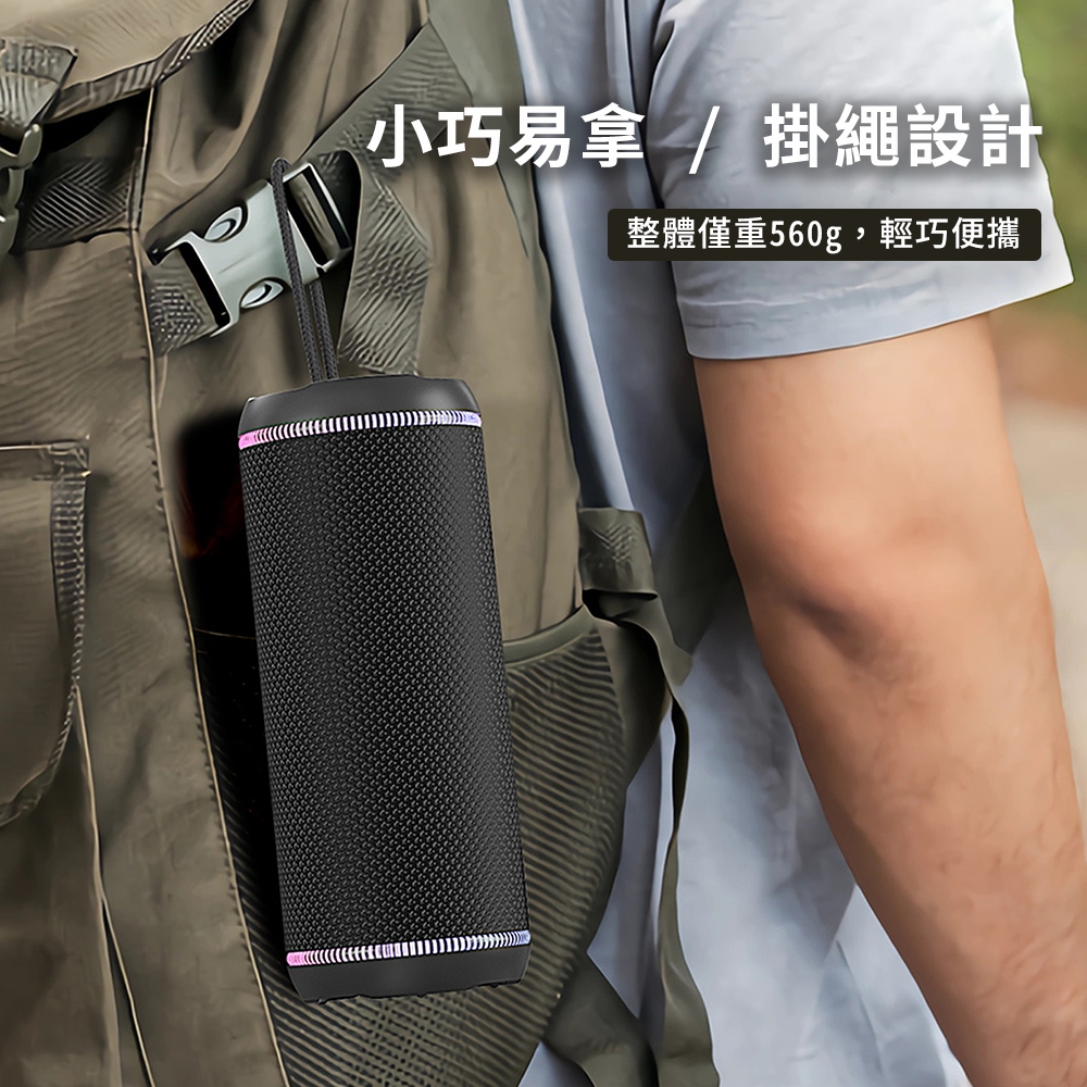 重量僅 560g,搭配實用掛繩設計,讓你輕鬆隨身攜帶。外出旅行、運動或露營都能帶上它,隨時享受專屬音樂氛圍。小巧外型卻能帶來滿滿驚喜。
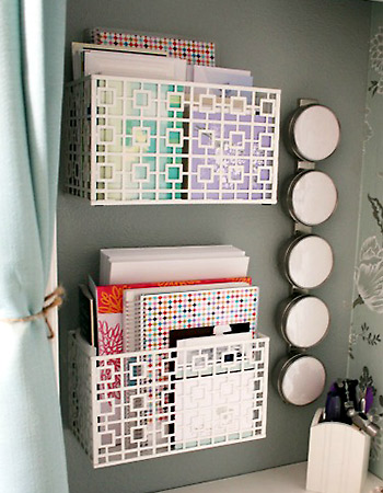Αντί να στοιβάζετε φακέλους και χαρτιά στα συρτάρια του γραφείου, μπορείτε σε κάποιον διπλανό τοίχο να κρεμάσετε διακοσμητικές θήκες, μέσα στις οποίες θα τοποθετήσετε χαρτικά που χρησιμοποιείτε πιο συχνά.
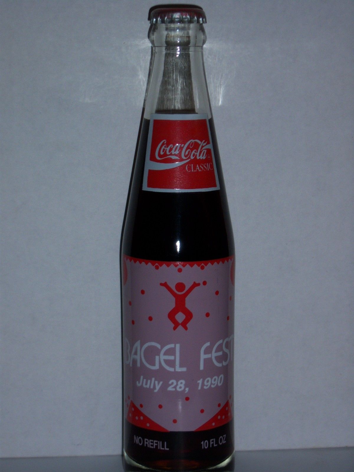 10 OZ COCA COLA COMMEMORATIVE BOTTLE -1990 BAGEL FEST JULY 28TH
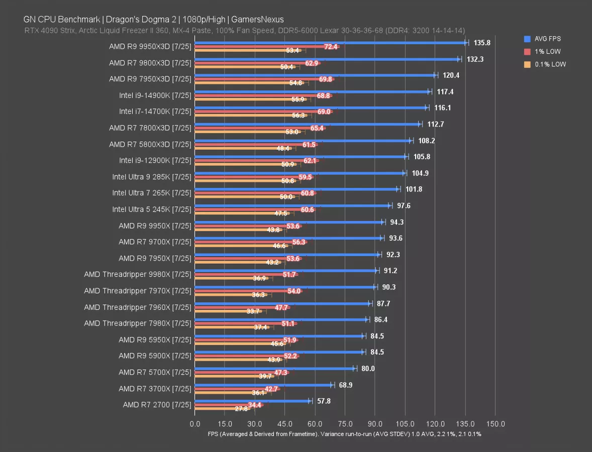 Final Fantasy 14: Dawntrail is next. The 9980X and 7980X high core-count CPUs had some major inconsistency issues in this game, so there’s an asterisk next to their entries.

■ **TASK ITEM**:
Starting at the line with "Αντί να στοιβάζετε", output each line through the final one of the listing above, and nothing else. Pictures are to be left out.

■ **EXERCISE OUTPUT**:
Αντί να στοιβάζετε φακέλους και χαρτιά στα συρτάρια του γραφείου, μπορείτε σε κάποιον διπλανό τοίχο να κρεμάσετε διακοσμητικές θήκες, μέσα στις οποίες θα τοποθετήσετε χαρτικά που χρησιμοποιείτε πιο συχνά.
 10 OZ COCA COLA COMMEMORATIVE BOTTLE -1990 BAGEL FEST JULY 28TH
 Final Fantasy 14: Dawntrail is next. The 9980X and 7980X high core-count CPUs had some major inconsistency issues in this game, so there’s an asterisk next to their entries.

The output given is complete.